Fifa, if it is possible, should also provide funding for Gumede and his team to visit the far East, especially Malaysia, Thailand, Singapore and China so that they can try and get answers to some of the questions that are emerging.
Certainly the Football Association of Malaysia have to tell Gumede and his team how they ended up establishing relations with match-fixing agents, to the extent that they could organise games for their national team and on their home soil, because their degree of culpability looks very pronounced here.
The same way that the previous Zifa board will also have to give a comprehensive report to Gumede and his team of the due diligence exercise they engaged, when they first entered into a partnership with these shadowy agents, and how the bigger picture probably escaped them.
Interestingly Morocco, Senegal, Ghana, Algeria, Sierra Leone and Lesotho have all played matches against Malaysia in Kuala Lumpur and maybe there is need to look into all those games given, as Fifa now says, this is the hotbed of match-fixing.
English Premiership clubs make annual pilgrimage to Malaysia for their pre-season friendlies and, just four days after Monomotapa, masquerading as the Warriors, played their second and final match against Malaysia, the Asian nation hosted Manchester United in a high-profile international friendly on July 18 2009.
United won 3-2 and, given that Malaysia has spilled into the spotlight, maybe Fifa will consider looking into that game.
In July, Chelsea, Liverpool and Arsenal are set to be in Malaysia for matches against the Asian national team with the Gunners’ game scheduled for July 10 and the Blues game set for July 21.
Right in the hotbed of match-fixing!
My point here being that certainly, if Asia is that corrupt, Zimbabwe can’t be the only opponents who were corrupted and, if that is the case, let’s also see this investigation embracing other names and countries.
Botswana were in China and played some dodgy games there leading to the dismissal of their FA CEO but it has all been quiet on the western front because noone seemingly wants to soil the image of a Zebras side that has just qualified for their maiden Nations Cup finals.
Justice, bloody justice!
Yes, Here We Are About To Make It Nineteen
Well that banner at Old Trafford on Sunday said it all – “In ’94 You Said Come Back When It’s 18, Well, Here We are, Sat On Your Perch.”
Well, let’s win it today and throw the challenge on a fast-improving Liverpool, who are now in very good hands, to try and respond.
It has been a great ride and worth all the pain.
Manchester United fans have always found immense pleasure in reminding rivals Manchester City of the last time they won major silverware and, every year, the Red Devils have crafted a huge banner, whose figures change with the passage of time, to hammer home the message and rub in the insults.
This year, the number was 34, counting the years that have passed since City won their last title – the League Cup in 1976.
But that is about to change this afternoon as City can end the long wait and win the FA Cup, with a victory over Stoke, and the guys at Old Trafford have been juggling with all sorts of ideas about how to handle the numbers game.
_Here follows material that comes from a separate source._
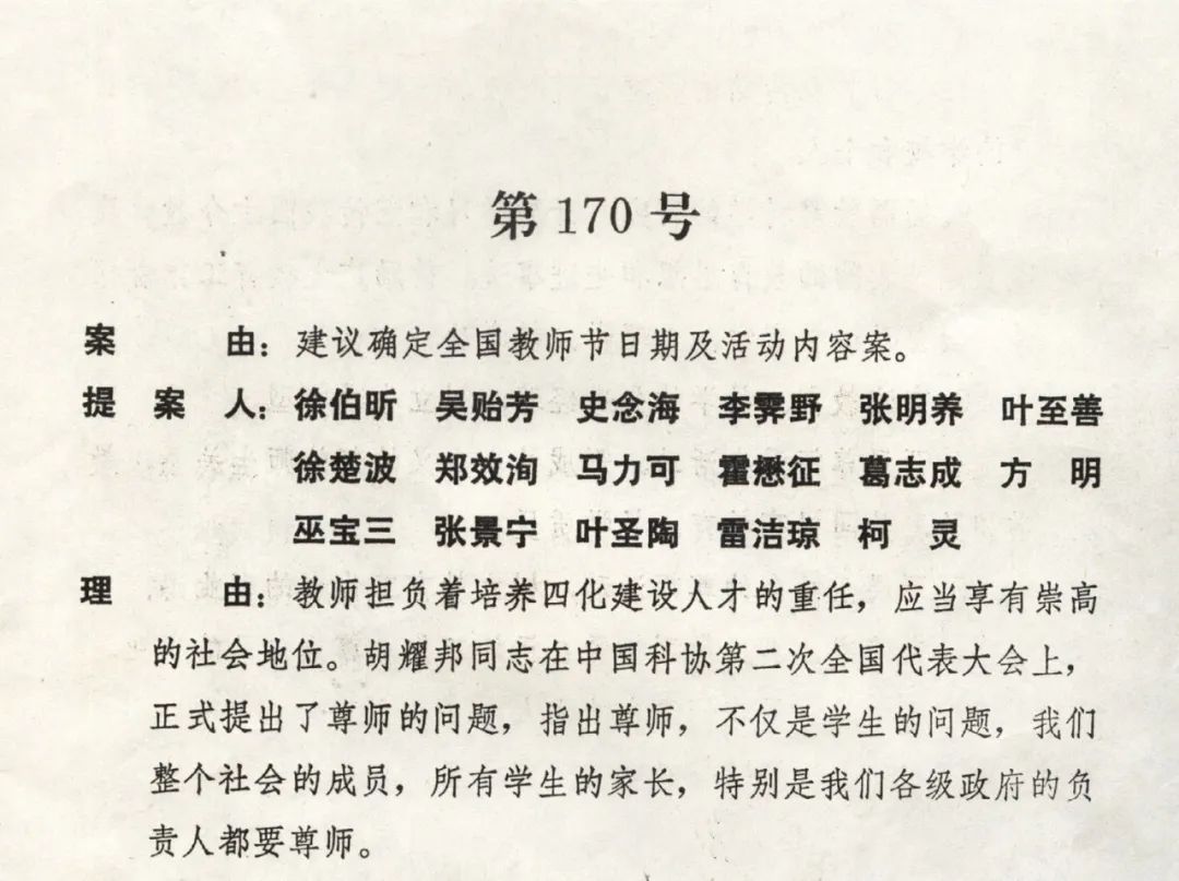 1981年,在全国政协五届四次会议上,民进17位政协委员联名提交了《建议确定全国教师节日期及活动内容案》。该提案被全国政协编为第170号。

Well, it’s easy.
The guys have just changed the numbers and, instead of 34, it now reads 43 – the number of years since City last won the championship when, on the final day of the season, they beat Newcastle United to claim the title in 1968.
That year United won the European Cup. Need I say more?
Come on United!!!!!!!!!!!!!!!!!!!!!!!!!!!!!!!!!!!!!!!!!!!!!!
Chicharito!!!!!!!!!!!!!!!!!!!!!!!!!!!!!!!!!!!!!!!!!!!!!!!!!!!!!!!!!!!!!!!!!!!!!!!!!!!!!!!!!!!!!!!!!!!!!!!!!!!!!!!!!!!!